## Data for analysis
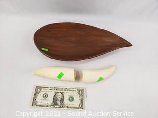 Lot #0138: Pair of Tusks & Signed Pottery Plate
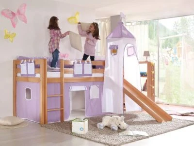 Das Bett mit einer Liegefläche von 90 x 200 cm verfügt über eine rundherum verlaufende Absturzsicherung. Für den großen Spaßfaktor sorgt die im Lieferumfang enthaltene Rutsche. Vom Bett geht es direkt durch den Turm auf die Rutsche. Die gerade Leiter und die Rutsche lassen sich jeweils auf der linken oder rechten Seite anbauen.
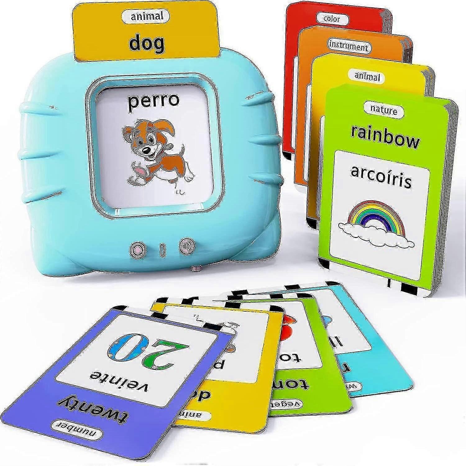 Spanish And English Bilingual Ble Flash Cards Toy With Music, Learn Spanish And English For Kids, Nias, Nios, Bebes Cyan
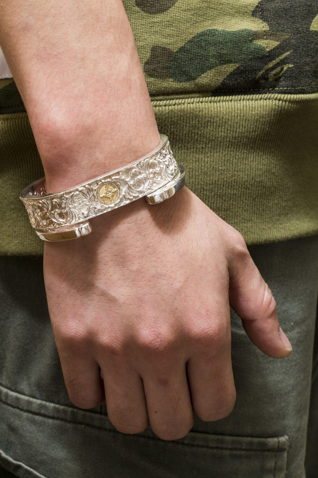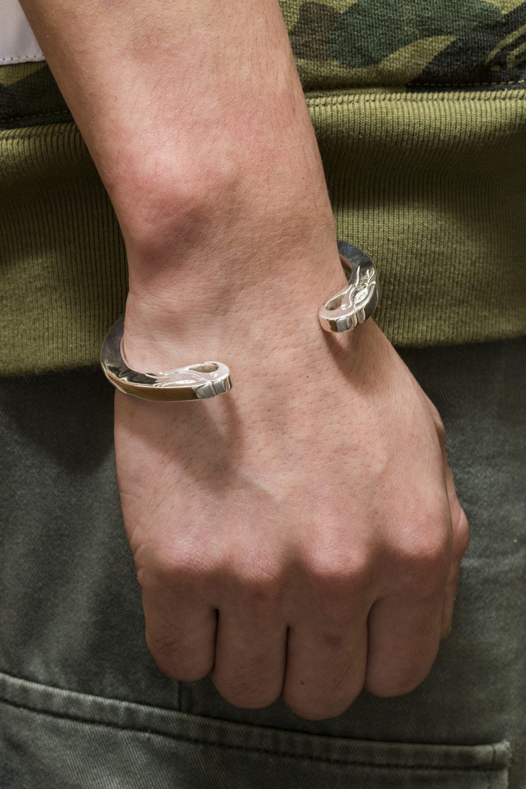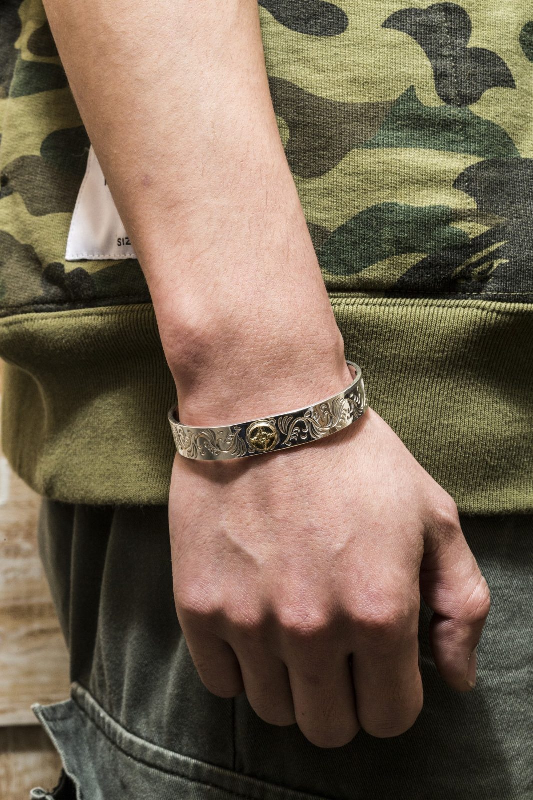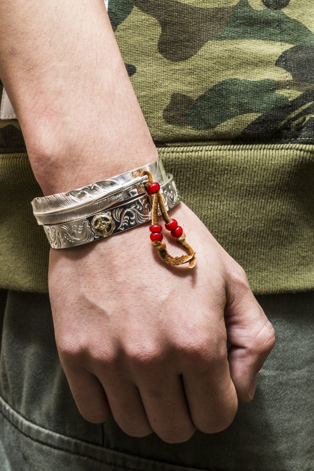 太さの異なるブレスレットを複数個着用する場合、着けやすさやフィット感なども関係するが、バランスが重要となる。定番例としては、手のひら側から順に細、中、太の順で着用することで、バランスのいいシルバーコーディネイトへと仕上がる。
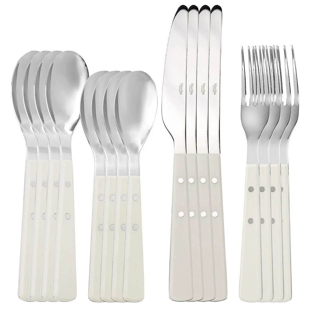The 16 Piece Gibson Everyday Garden Cottage 16 Piece Flatware Set comes with full service for four people. This set can be used with your every day dinnerware or to dress up your table. The simple Cream colored handle is sleek and simple and will go well with most kitchen decor. Stainless steel construction for lasting use and dishwasher safe (avoid detergent containing lemon) for easy and worry free clean up.
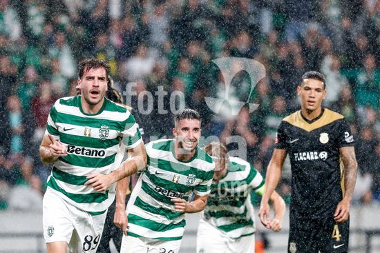 2833560 Fotis Ioannidis, avancado do Sporting CP, comemora depois de marcar um golo com Pedro Goncalves, medio do Sporting CP, durante o jogo da Liga Portugal Betclic entre Sporting CP e FC Alverca, no Estadio Jose Alvalade, em Lisboa, a 31 de outubro de 2025. Liga Portugal Betclic - Sporting CP vs FC Alverca (Valter Gouveia/SPP)

## Exercise description
Text only, no pictures: please print exactly the lines above from the line with "Das Bett mit" up to and including the line with "The 16 Piece", and nothing else.

## The completed task
 Das Bett mit einer Liegefläche von 90 x 200 cm verfügt über eine rundherum verlaufende Absturzsicherung. Für den großen Spaßfaktor sorgt die im Lieferumfang enthaltene Rutsche. Vom Bett geht es direkt durch den Turm auf die Rutsche. Die gerade Leiter und die Rutsche lassen sich jeweils auf der linken oder rechten Seite anbauen.
 Spanish And English Bilingual Ble Flash Cards Toy With Music, Learn Spanish And English For Kids, Nias, Nios, Bebes Cyan
 太さの異なるブレスレットを複数個着用する場合、着けやすさやフィット感なども関係するが、バランスが重要となる。定番例としては、手のひら側から順に細、中、太の順で着用することで、バランスのいいシルバーコーディネイトへと仕上がる。
The 16 Piece Gibson Everyday Garden Cottage 16 Piece Flatware Set comes with full service for four people. This set can be used with your every day dinnerware or to dress up your table. The simple Cream colored handle is sleek and simple and will go well with most kitchen decor. Stainless steel construction for lasting use and dishwasher safe (avoid detergent containing lemon) for easy and worry free clean up.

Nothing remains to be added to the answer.